Figure 1. From overwhelming literature and LLM limitations to structured insights with PEL-SHA.

Figure 1. From overwhelming literature and LLM limitations to structured insights with PEL-SHA.

The advent of Large Language Models (LLMs) has marked a significant paradigm shift in natural language understanding, demonstrating remarkable capabilities in text comprehension, reasoning, and generalization [2]. Research also explores how to achieve weak-to-strong generalization in LLMs, particularly those with diverse multi-capabilities [3]. These advancements offer a promising avenue for automating complex literature analysis tasks. However, applying generic LLMs directly to highly specialized scientific texts presents several formidable challenges. These include maintaining precision in domain-specific knowledge, mitigating the risk of “hallucinations” (generating plausible but incorrect information), and ensuring robust structured reasoning capabilities [4]. Specifically, the task of accurately extracting scientific hypotheses from complex research abstracts and subsequently associating them with their supporting evidence and methodologies remains an underexplored and challenging problem for general-purpose LLMs.

To address these limitations and bridge the gap between LLM capabilities and the demands of scientific literature analysis, we propose a novel approach: the Prompt-Enhanced LLM for Scientific Hypothesis Analysis (PEL-SHA) framework. Our method leverages meticulously designed, multi-stage prompt engineering strategies to empower LLMs to automatically extract, classify, and reason about scientific hypotheses, their supporting evidence, and the research methodologies employed, all from scientific paper abstracts. We posit that this framework will provide a new, highly efficient tool for scientific literature mining and the construction of knowledge graphs, thereby significantly enhancing the pace and depth of scientific inquiry.

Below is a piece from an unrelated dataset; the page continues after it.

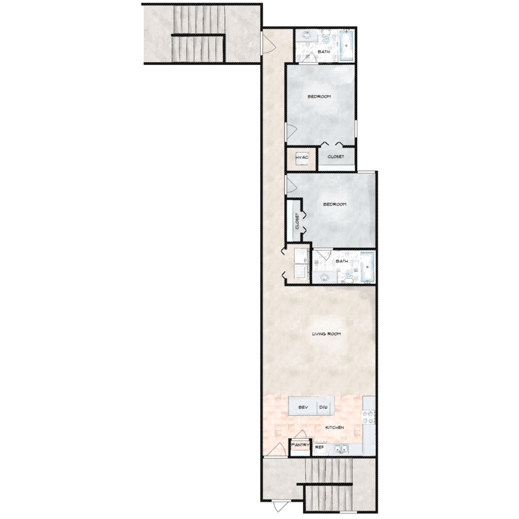 2 Beds, 2 Baths, 552 sq ftModel Gallery

Our proposed PEL-SHA framework operates through a sophisticated, multi-stage prompt engineering pipeline. This pipeline systematically guides the LLM through a series of increasingly complex text understanding tasks. Initially, a Hypothesis Identification Prompt is employed to precisely pinpoint and extract explicit scientific hypotheses, research questions, or claims from the input abstract. Following this, an Evidence and Method Classification Prompt directs the LLM to analyze and categorize the types of supporting evidence (e.g., experimental data, observational results, theoretical derivations, simulations) and key research methods (e.g., high-throughput sequencing, spectroscopic analysis, machine learning models) associated with each identified hypothesis. Finally, a Potential Research Direction Reasoning Prompt encourages the LLM to perform higher-level inference, deducing future research avenues, open questions, knowledge gaps, or study limitations based on the extracted information, thereby offering valuable insights to researchers.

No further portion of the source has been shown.